DATA TO USE:
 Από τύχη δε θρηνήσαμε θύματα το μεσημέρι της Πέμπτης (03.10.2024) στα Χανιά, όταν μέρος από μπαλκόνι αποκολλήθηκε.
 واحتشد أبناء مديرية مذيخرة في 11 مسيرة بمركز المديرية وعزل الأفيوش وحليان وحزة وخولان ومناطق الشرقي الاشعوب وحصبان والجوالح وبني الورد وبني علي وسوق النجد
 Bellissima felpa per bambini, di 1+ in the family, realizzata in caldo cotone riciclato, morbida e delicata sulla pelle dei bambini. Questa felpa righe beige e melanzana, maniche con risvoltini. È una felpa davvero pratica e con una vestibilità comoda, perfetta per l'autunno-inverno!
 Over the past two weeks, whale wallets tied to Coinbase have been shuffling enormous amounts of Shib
---
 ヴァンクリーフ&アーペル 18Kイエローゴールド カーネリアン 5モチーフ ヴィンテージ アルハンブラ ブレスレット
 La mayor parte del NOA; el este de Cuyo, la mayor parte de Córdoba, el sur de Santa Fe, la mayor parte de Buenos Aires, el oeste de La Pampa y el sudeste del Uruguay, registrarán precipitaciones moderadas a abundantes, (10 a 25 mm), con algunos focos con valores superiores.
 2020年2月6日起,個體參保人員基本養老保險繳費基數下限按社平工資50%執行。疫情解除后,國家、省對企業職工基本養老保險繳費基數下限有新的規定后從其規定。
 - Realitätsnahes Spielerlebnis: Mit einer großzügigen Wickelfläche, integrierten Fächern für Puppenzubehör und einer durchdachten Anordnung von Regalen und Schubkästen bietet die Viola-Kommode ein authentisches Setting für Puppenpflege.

THE TASK:
There is a run of lines above from the one with "Bellissima felpa per" to the one with "Over the past"; print exactly that run, both ends included, and nothing else.

SOLUTION:
 Bellissima felpa per bambini, di 1+ in the family, realizzata in caldo cotone riciclato, morbida e delicata sulla pelle dei bambini. Questa felpa righe beige e melanzana, maniche con risvoltini. È una felpa davvero pratica e con una vestibilità comoda, perfetta per l'autunno-inverno!
 Over the past two weeks, whale wallets tied to Coinbase have been shuffling enormous amounts of Shib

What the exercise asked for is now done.